In seiner öffentlichen Sitzung Ende Juni befasste sich der Gemeinderat der Stadt Stutensee eingehend mit dem geplanten Baugebiet „Vierundzwanzigmorgenäcker“ im Stadtteil Spöck. Zuletzt hatte der Gemeinderat im Juli 2017 den Vorentwurf des Bebauungsplanes „Vierundzwanzigmorgenäcker“ gebilligt und die Durchführung der frühzeitigen Beteiligung beschlossen.

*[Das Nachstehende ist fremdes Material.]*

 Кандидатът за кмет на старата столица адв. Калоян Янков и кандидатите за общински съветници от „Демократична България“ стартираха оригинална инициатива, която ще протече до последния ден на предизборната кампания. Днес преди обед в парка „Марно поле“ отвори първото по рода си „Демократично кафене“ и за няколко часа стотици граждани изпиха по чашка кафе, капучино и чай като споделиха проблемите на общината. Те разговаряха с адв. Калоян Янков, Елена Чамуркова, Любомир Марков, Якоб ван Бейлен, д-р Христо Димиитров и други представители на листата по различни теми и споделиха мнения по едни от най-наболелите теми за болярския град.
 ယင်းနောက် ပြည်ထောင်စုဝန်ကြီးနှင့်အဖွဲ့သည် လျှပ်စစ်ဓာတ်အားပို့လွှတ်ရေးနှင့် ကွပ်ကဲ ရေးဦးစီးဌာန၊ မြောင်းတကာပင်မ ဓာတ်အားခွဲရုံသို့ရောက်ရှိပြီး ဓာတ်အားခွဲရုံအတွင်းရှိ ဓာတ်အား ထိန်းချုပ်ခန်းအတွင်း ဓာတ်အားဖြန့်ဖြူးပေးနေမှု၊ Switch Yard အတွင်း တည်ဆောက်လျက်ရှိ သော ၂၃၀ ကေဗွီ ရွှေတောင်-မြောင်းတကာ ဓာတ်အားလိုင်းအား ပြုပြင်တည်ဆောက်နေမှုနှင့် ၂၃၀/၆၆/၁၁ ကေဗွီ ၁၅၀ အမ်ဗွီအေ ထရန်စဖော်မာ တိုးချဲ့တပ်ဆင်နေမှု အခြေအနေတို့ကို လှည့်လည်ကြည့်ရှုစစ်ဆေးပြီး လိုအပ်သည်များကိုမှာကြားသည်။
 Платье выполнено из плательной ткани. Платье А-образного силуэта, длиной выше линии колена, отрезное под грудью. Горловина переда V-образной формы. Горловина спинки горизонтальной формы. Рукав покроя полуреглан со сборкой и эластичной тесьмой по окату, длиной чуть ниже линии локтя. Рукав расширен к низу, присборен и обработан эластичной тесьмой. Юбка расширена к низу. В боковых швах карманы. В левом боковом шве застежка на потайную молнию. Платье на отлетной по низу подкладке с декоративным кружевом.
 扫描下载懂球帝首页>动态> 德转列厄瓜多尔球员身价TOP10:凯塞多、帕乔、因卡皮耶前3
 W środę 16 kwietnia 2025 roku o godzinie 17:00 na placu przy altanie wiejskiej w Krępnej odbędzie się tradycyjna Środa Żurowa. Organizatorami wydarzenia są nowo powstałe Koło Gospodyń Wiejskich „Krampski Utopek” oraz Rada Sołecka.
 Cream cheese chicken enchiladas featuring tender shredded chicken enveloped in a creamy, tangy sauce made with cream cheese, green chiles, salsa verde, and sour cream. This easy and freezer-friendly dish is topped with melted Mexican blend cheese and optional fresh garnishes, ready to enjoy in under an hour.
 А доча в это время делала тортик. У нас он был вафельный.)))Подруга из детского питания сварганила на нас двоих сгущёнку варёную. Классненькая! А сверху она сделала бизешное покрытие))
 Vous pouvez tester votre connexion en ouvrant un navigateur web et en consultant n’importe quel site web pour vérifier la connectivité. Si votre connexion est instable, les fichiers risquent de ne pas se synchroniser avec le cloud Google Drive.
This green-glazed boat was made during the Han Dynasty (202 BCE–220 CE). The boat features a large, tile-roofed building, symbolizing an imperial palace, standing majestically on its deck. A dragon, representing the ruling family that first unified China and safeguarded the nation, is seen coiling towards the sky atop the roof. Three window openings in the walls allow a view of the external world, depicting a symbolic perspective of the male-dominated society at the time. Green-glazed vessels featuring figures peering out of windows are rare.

In diesem Rahmen fand im Sommer letzten Jahres auch bereits eine öffentliche Bürgerinformationsveranstaltung in der Spechaahalle statt, bei der der Entwurf vorgestellt wurde (wir berichteten). Im Anschluss wurden die Unterlagen im Rathaus sowie online zur Einsicht bereitgestellt und die Bürgerinnen und Bürger konnten ihre Anregungen zur Planung abgeben.

„Wir haben umfangreiche Anregungen und Stellungnahmen aus der Öffentlichkeit sowie 33 Stellungnahmen von beteiligten Behörden erhalten“, erklärte Erste Bürgermeisterin Sylvia Tröger im Gemeinderat. Diese wird man vollumfänglich prüfen und nach entsprechender Abwägung in den Entwurf des Bebauungsplanes einarbeiten.

Im Zuge der öffentlichen Sitzung ordnete der Gemeinderat auch die Umlegung der Grundstücke, welche parallel zum Bebauungsplanverfahren erfolgen soll, an, um einen zügigen weiteren Verlauf zu gewährleisten. Zu diesem Zweck wurde auch ein Umlegungsausschuss aus der Mitte des Gemeinderats gebildet. Der Umlegungsausschuss besteht analog zu vorangegangenen Verfahren aus sieben Mitgliedern unter dem Vorsitz von Erster Bürgermeisterin Sylvia Tröger.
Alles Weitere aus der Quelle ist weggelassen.